KaeLyn: I felt the same. Say more. What about it for you?

Robin: The thing that comes most strongly to mind is when they get high together and they say their “I love you’s.” But it felt… unearned? Like a shortcut to an emotional payoff.

KaeLyn: OMG Refresh my memory. I watched it in October and I’m blanking on this scene.

Robin: I think it was a flashback that starts with Shirin waiting at the window while Maxine picks up weed

Alley: Yeah, I think that was one of the scenes that started my “backwards” feeling of the narrative.

Robin: And then they smoke and Shirin’s like, “We’re the same kind of stoned person,” and that becomes a moment.

Hannah: Ahahaha

KaeLyn: YES. I remember now.

Alley: Agreed, it was kind of unearned.

Robin: And I couldn’t tell if it was meant to show how… specious their relationship was? Or I was just being an Old Person and thinking “You’re STONED, do you even KNOW WHAT LOVE IS?!”

OMG we're so high though. Love you bae.

OMG I DON’T KNOW WHAT LOVE IS AND ALSO I REALLY WANT A PIZZA BAGEL.

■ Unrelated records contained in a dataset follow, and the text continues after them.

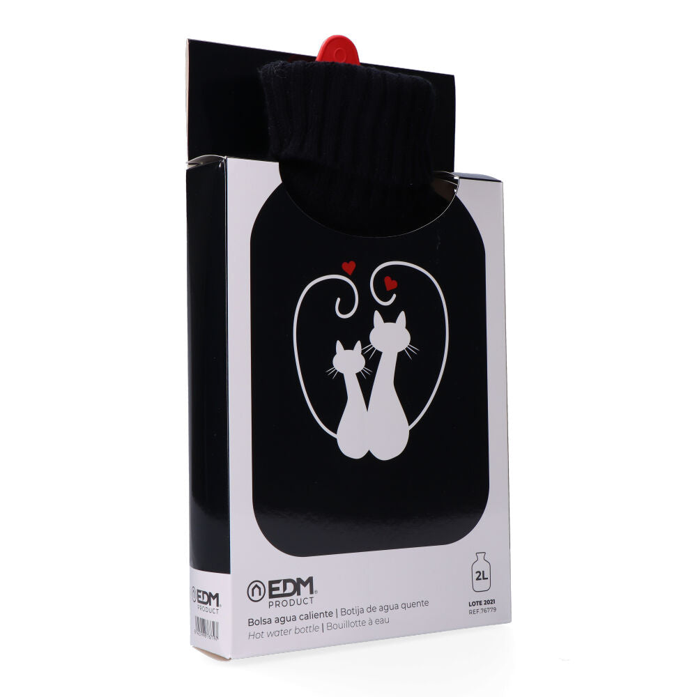 BOTIJA DE ÁGUA QUENTE PRETA. MODELO GATOS APAIXONADOS 2 L EDM
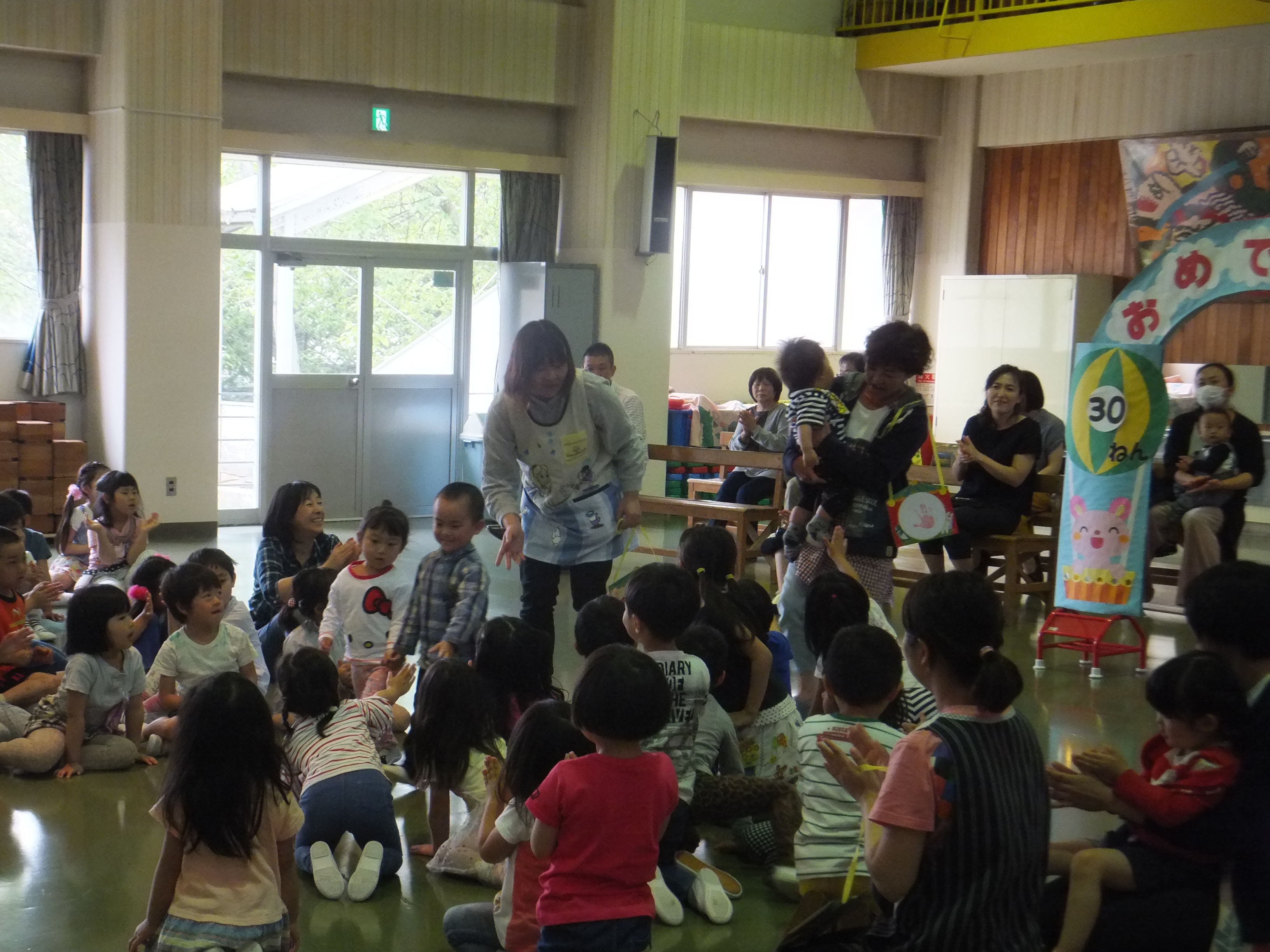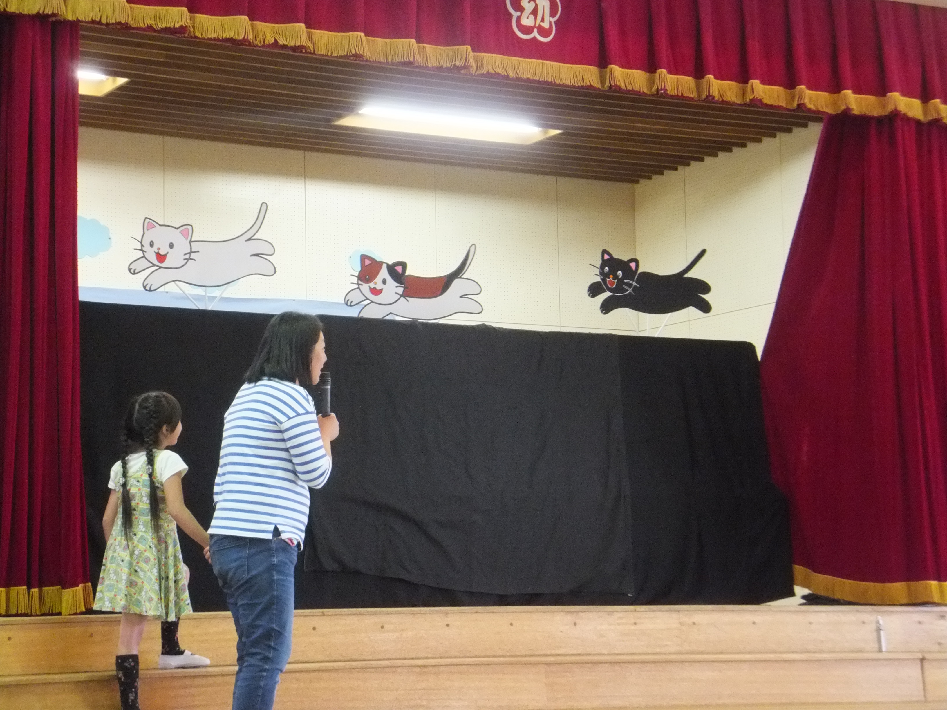 今日は5月生まれのお友だちの誕生会がありました。 保育園からは、4月の誕生会に参加できなかったお友だちも含めて、3人のお友だちが参加しました。名前を呼ばれると返事をしたり、好きな食べ物を答えたりとても上手に舞台上に立っていましたよ!お楽しみの「3匹の猫」のペープサートも喜んで見ていました。
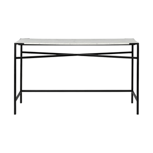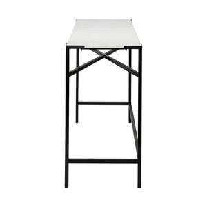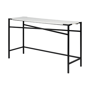 Featuring a four-legged base with cross bracing that is meticulously crafted from metal and finished in a premium matte-black polish, the Lucas is a stunning console table that sports an extravagant, crackled white marble top. The popular but exquisite combination of dark metal tones and white marble makes the Lucas an instant hit in any space.
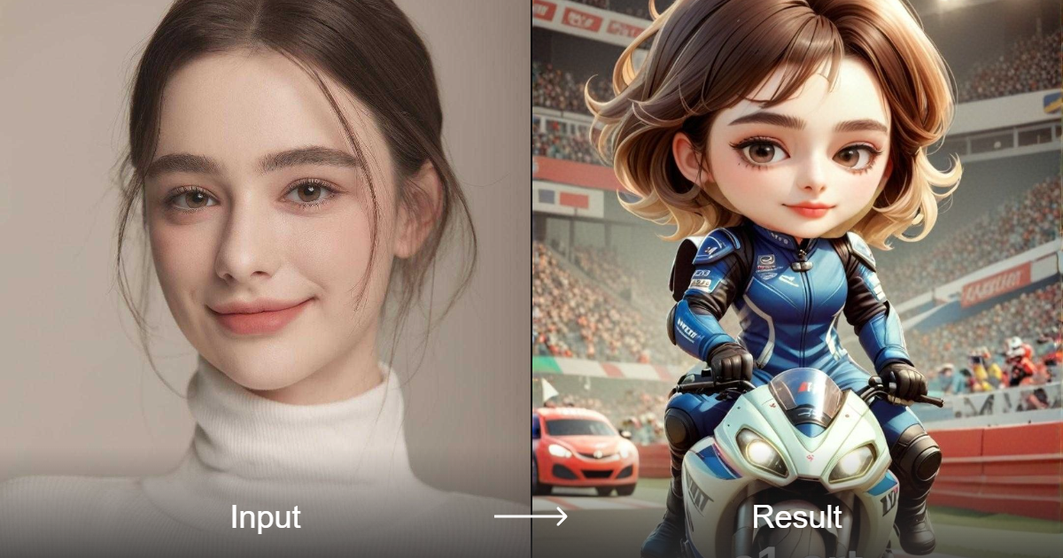 Create adorable 3D images of your motorcycle racer with the A1 Art style converter. The output format is perfect for social media, web design, or print.
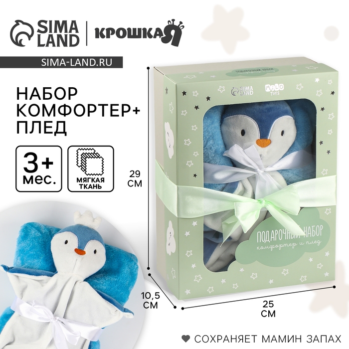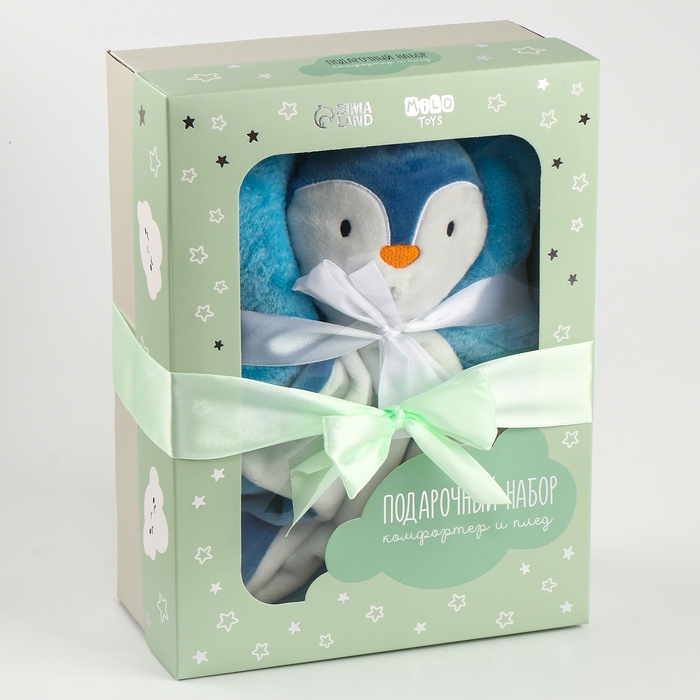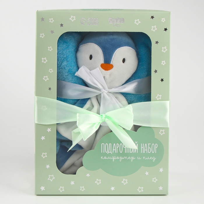 Набор подарочный: Комфортер 27 см + плед 71х125 см, «Пингвин»
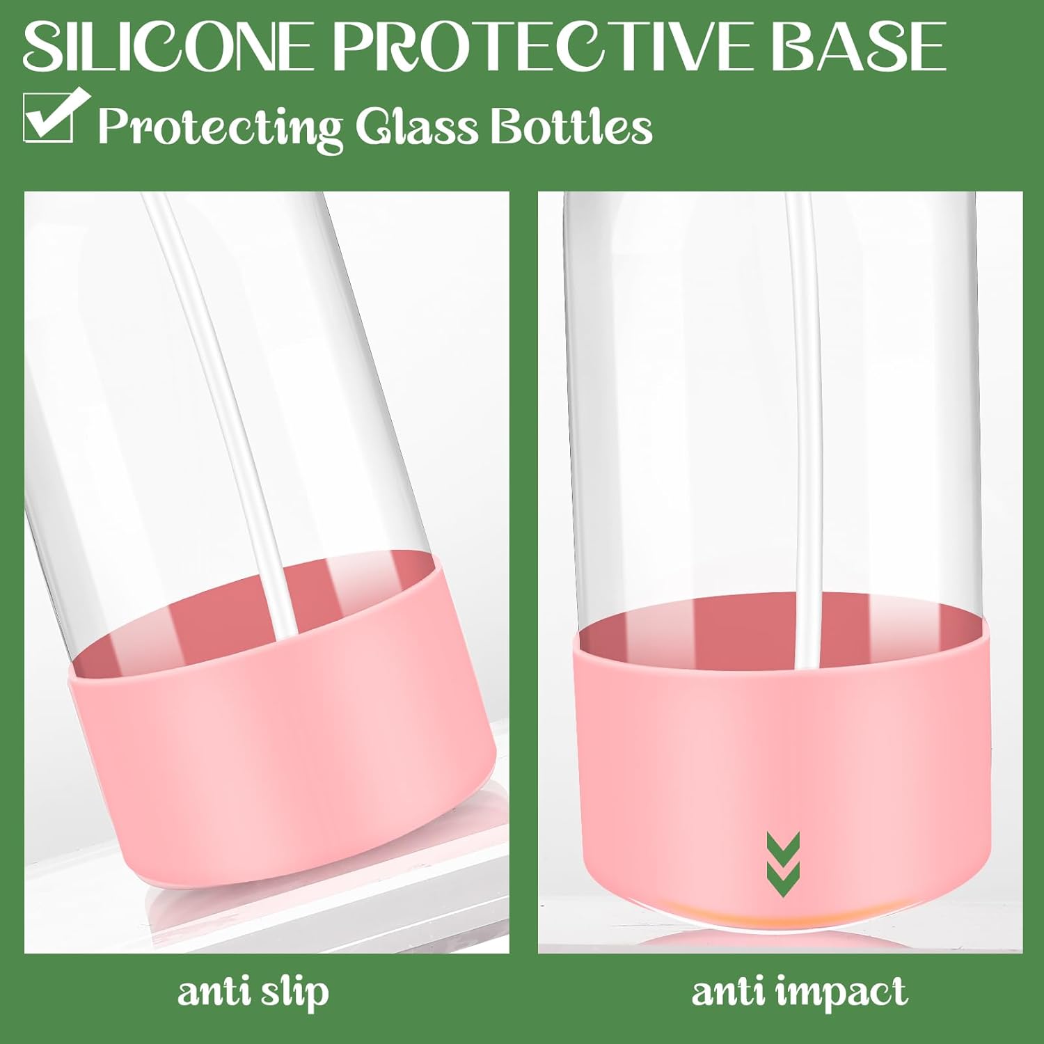 - Detachable Silicone Sleeve: The silicone sleeves included provide excellent grip and stability, prevent slipping on countertops or tiled surfaces, effectively preventing the glass bottles from shattering and offering perfect protection
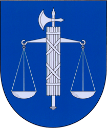 Геральдическое описание герба: В лазуревом поле серебряные равноплечные балансовые весы в равновесии, на которые наложены серебряные же фасции в столб.
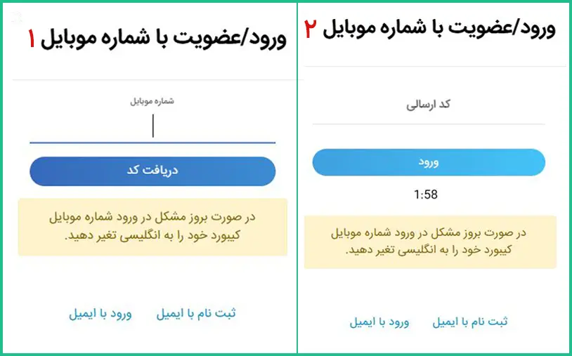 پس از کلیک بر روی گزینه درخواست، شماره تلفن همراه خود را وارد کنید. سپس کد ارسالشده از طریق پیامک را در کادر مربوطه وارد کرده و بر روی دکمه «ورود» کلیک نمایید.
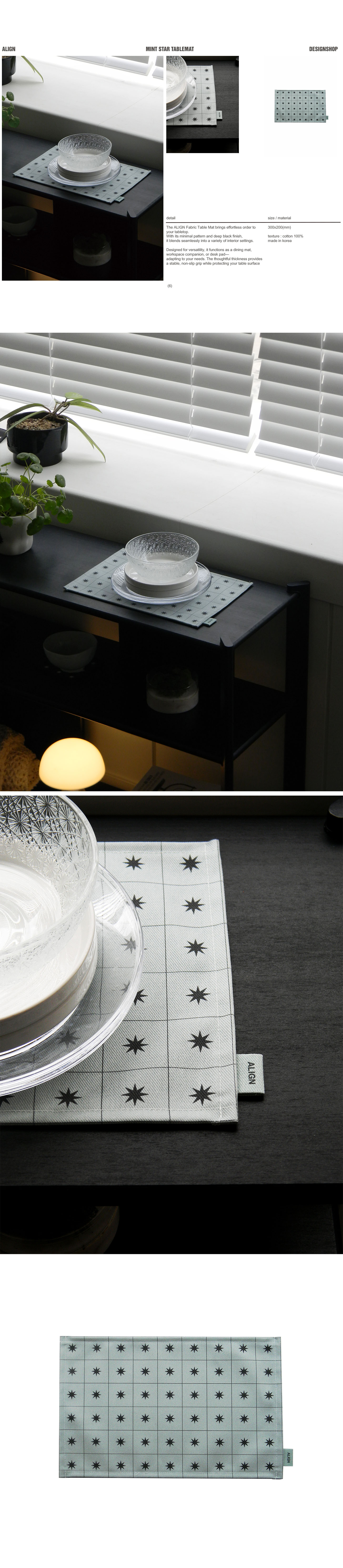| 테이블 위를 정리해 주는 패브릭 테이블 매트입니다. 심플한 패턴과 블랙 컬러로 다양한 공간에 자연스럽게 어울립니다. 식사 매트, 작업 매트, 데스크 패드 등 용도에 맞게 자유롭게 사용할 수 있습니다. 적당한 두께감으로 미끄러짐을 줄이고 테이블 표면을 보호합니다. texture : cotton 100% made in korea 세탁시 주의사항 - 합성세제 세탁 시 손상 및 탈색의 우려가 있으므로 중성세제 단일 단독 세탁. - 산소 표백제 사용금지, 세탁기 사용 시 울 코스로 만 세탁하십시오. - 컬러 특성상 이염될 수 있으니 단독 물세탁하세요. - 물에 10분 이상 담그거나 심하게 비비거나 비틀어 짜지 마십시오. - 면제품 특성상 세탁 후 원단 수축 현상이 발생할 수 있으며 인쇄 색상이 옅어집니다. 이는 섬유제품의 자연스러운 현상으로 제품 불량 사유에 해당되지 않습니다. -패브릭 프린팅 제품은 잉크 고착 공정으로 인해, 초기에 뻣뻣한 느낌이 있을 수 있으나, 미온수로 세탁 후 사용 시 나아지며 위 사유는 공정 단계에서 불가피하게 발생되어 반품 상품 / 수선 불량 상품이 아닌 정상 제품이오니 안심하고 사용해 주십시오. |
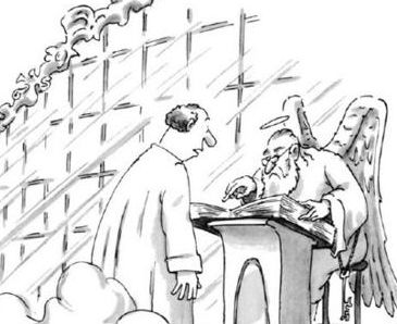 Trước cổng thiên đàng, Thánh Peter đang tra cuốn sổ lớn xem người vừa đến có xứng đáng được chấp nhận không. Sau mộthồi, Thánh nhíu mày nói:
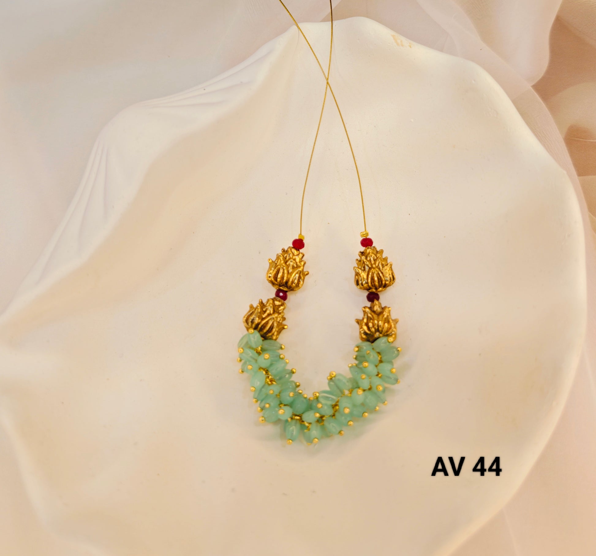 Invisible Set Necklace is designed to create a graceful floating effect that enhances any outfit. The necklace features clusters of soft green beads arranged beautifully at the center, giving it a refreshing and sophisticated look. Golden floral bead accents on either side add a touch of traditional charm, making it a versatile piece that blends modern minimalism with ethnic elegance.
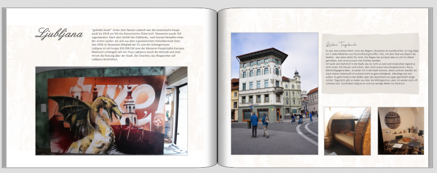 Ich habe ja, als du das Thema erstmals aufgeworfen hast, schon geschrieben, dass ich eine andere Schrift für jede Stadt nicht schlecht finde. Leider war das eine absolute Minderheiten-Meinung! Ich verarbeite derzeit eine Städtereise in einem bzw. mehreren Fotobüchern und ich habe diesmal zum ersten Mal intensiv mit Schriften experimentiert. D. h. ich habe z. B. für Parkanlagen, moderne Bauten, Kunstwerke, Street Art, Spaziergänge etc. jeweils eine andere Schriftart genommen. Das sind sehr viele verschiedene Schriftarten und nicht nur sechs wie in deinem Fall. Ich habe allerdings zumindest die linke Einleitungsseite meist einheitlich gestaltet. Und das wäre vielleicht auch eine Möglichkeit für dich. Bei deinen Beispielen hast du oben links immer den Stadtnamen, rechts davon eine Beschreibung und darunter ein Bild im Querformat. Nur bei Zagreb hast du zwei Bilder und zusätzlich ein Wappen auf der linken Seite. Wenn du das einheitlich gestaltest (Textfelder gleich breit, Bild gleich groß), bringt das eventuell Ruhe ins Fotobuch. Verwendest du den gleichen Hintergrund wie auf der Einleitungsseite dann für alle Seiten zur jeweiligen Stadt? Wenn ja, würde ich das so quasi als "roten Faden" sehen. Falls nicht, wäre ein einheitlicher Hintergrund für alle Einleitungsseiten vielleicht besser. Zu den Tagebucheinträgen: Hast du schon mal daran gedacht, einen fixen Platz für "Liebes Tagebuch" vorzusehen, z. B. die rechte Hälfte der rechten Seite. Dass manchmal mehr, manchmal weniger Text steht, würde mich nicht stören. Das ist bei meinem aktuellen Projekt auch so. Weiterhin viel Spaß! LG Basilikum

Hannah: Okay, so maybe this is just because I don’t remember how the scene hit me in the moment, but I feel like it was deliberate. Sort of a commentary on the selective memory we have about our relationships? Like maybe she was even looking back on that moment and thinking, “I was stoned. I don’t even know what love is”?

KaeLyn: That’s an interesting way to think about it, Hannah.

Robin: I dunno, for something that ostensibly kickstarts the narrative of the movie, the relationship felt thin to me.

Alley: Yeah, I can’t say I ever really liked Maxine.

KaeLyn: Here’s a question: did you think the movie was about the relationship with Maxine? I didn’t.

Hannah: No, not at all. Though I did have empathy for Maxine at points.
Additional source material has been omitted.